LUNDI
Saat itu juga, Aku benar-benar sesak dan gemetar membaca pesan WhatsApp.
Aku sakit, benar-benar merasa terluka. Seseorang yang sudah menjadi tulang rusukku sejak 8 tahun lalu, kini harus kandas. Tulang rusuk itu remuk, kandas. Kita selesai.
Aku benci menulis kata “selesai”, tapi kita memang benar-benar selesai.
Sejak hari Senin itu.
“I was waiting for you, waiting and waiting”
Namun adakalanya Aku benar-benar lelah menunggu. Namun kamu malah terdiam seperti tidak ada usaha atas hubungan kita yang sudah berjalan begitu lama. Apakah sekian lama bersama mu itu tidak berharga? Batin ku tidak pernah berhenti untuk teriak. Aku kecewa, benar-benar ingin marah. Aku menangis kencang. Namun itu semua percuma. Kami berdua sudah selesai. Hubungan yang sejak dulu kita bangun bersama, akhirnya “usai”.

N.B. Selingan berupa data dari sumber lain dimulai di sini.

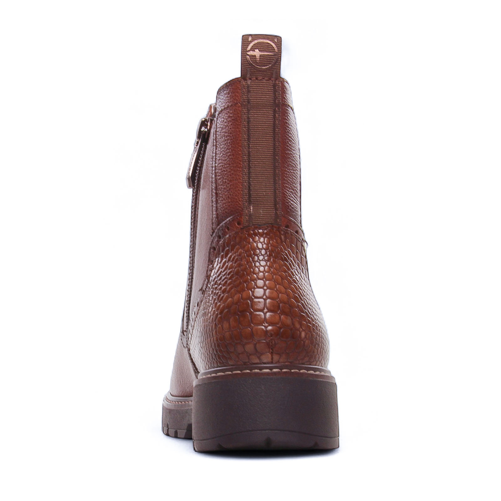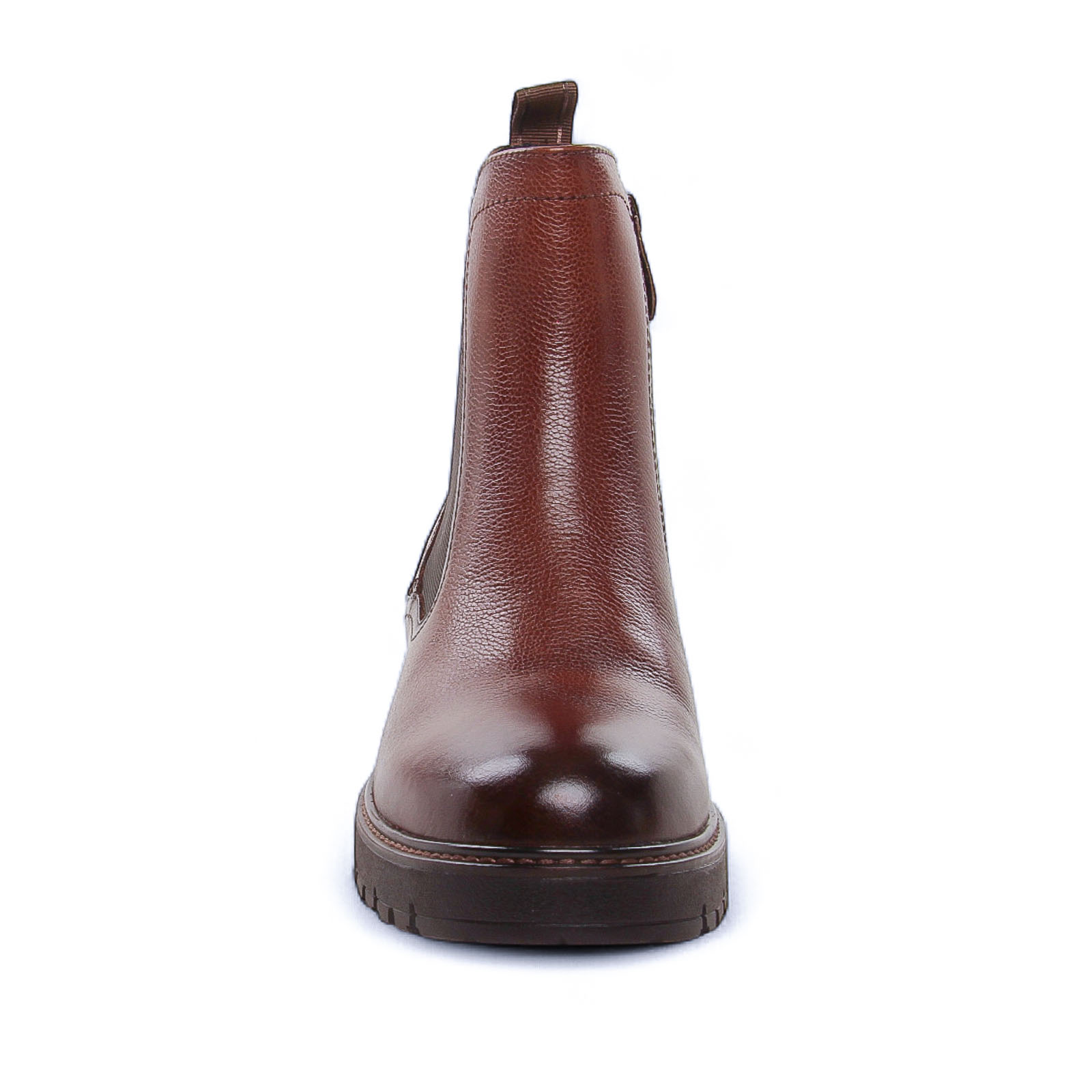 Boots Élastiquées de la marque Tamaris de couleur marron. Une tige cuir gros grain avec une semelle épaisse noire crantée débordante pour ajouter une touche moderne et rock au style classique chic de la boots Chelsea, bottine à tige haute doublée polaire, une tige en cuir noir ou marron cognac, un contrefort en simili croco, ces jolies bottines Chelsea reviennent pour cette nouvelle collection automne hiver 2025 de la marque allemande Tamaris.

“I was heartbroken” ungkap mu.
Dan menurutmu Aku tidak pernah terluka? Aku manusia yang selalu terluka dari setiap goresan cerita kita berdua. Kenapa kamu malah “playing victim” kepada ku? Dengan langkah gontai, Aku kembali melihat jalan raya yang ada di depan rumah ku. Aku masih berharap, Kamu akan selalu datang.
Menunggu ketidakpastian itu ternyata menyakitkan.
Ku tatap layar kontak yang berisikan nama mu “Arang Nuraga”. Manusia berhati lembut, penyabar, yang selalu mengalah demi Aku. Betapa Aku benar-benar kehilangan raga dan jiwamu. Betapa Aku kehilangan setiap cerita indah dalam hidup ku. Sekarang Aku lemah, gontai, dan remuk. Ternyata Aku seperti kayu ringkih tanpa pelukanmu. Aku benar-benar rindu. Aku benar-benar haus akan badanmu. Aku lapar akan kasih sayang mu.
Damn, I hate this.
Aku benci merindukanmu di saat Aku sedang patah hati. Aku benar-benar muak dengan betapa lemahnya hatiku ketika berjauhan dengan mu. Ingin sekali rasanya mengutuk hatiku yang tidak berhenti menyebut dan mengharapkanmu. “Kenapa kamu belum datang juga untuk menemuiku, Arang” teriak hatiku.
Hatiku tidak pernah berhenti untuk teriak. Aku masih sayang, benar-benar masih sayang.
Sejak hari ini, Aku trauma dengan Senin.
Hari yang kamu janjikan untuk bertemu, namun kamu malah memilih menghilang.
Kamu bohong dengan janjimu. Kamu ingkar dengan kalimatmu sendiri.
Apakah ada orang lain yang tengah membuatmu nyaman? Apakah Aku sudah terlupakan?
Kenangan kita? Do you really forget about us?
Sekarang, Aku bingung bagaimana caranya bangkit.
How can I move on with a million memories?
Damn, I hate this.
Can we just delete the picture, meanwhile we still like the picture?
Ok damn. I can remove the picture, but what about the memory in it? Can I?
Impossible, right?
Ku hapus fotonya, namun kenangan di dalamnya sudah menempel dikepala dan ulu hati? Lantas mau gimana lagi?
Nyatanya, ini bukan tentang fotonya. Melainkan tentang memori, dan kenangan yang akan tetap hidup di dalamnya. Ada nyawa di dalam foto tersebut. Dan nyawa itu akan tetap hidup meski dibakar atau pun dirobek.
Nyatanya, tempat paling indah dan menyenangkan itu bukan tentang “dimana”, melainkan tentang dengan siapa, siapa yang bisa diajak cerita, siapa yang bisa diajak bercanda, dan siapa yang bisa diajak saling menyembuhkan. Namun sayang, aku sudah kehilangan itu semua darinya. Dia sudah bukan siapa-siapa lagi. Dan tersisa hanya “Aku”.
Aku saja.
Berdiri sendiri.
Mengharapkan apa pun dari diri sendiri.
Rana Alezandria, wanita yang dianggap tangguh oleh temannya, saat ini tumbang juga.
Bisakah Aku seorang Rana bangkit kembali?
Tuhan tolong bantu Aku. Saat ini, Aku hanya memiliki Tuhan.
Aku paham hari senin itu adalah hari yang berulang. Namun mohon, kuatkanlah Aku pada setiap hari Senin. Hari dimana Aku menunggu dan menagih janji seseorang.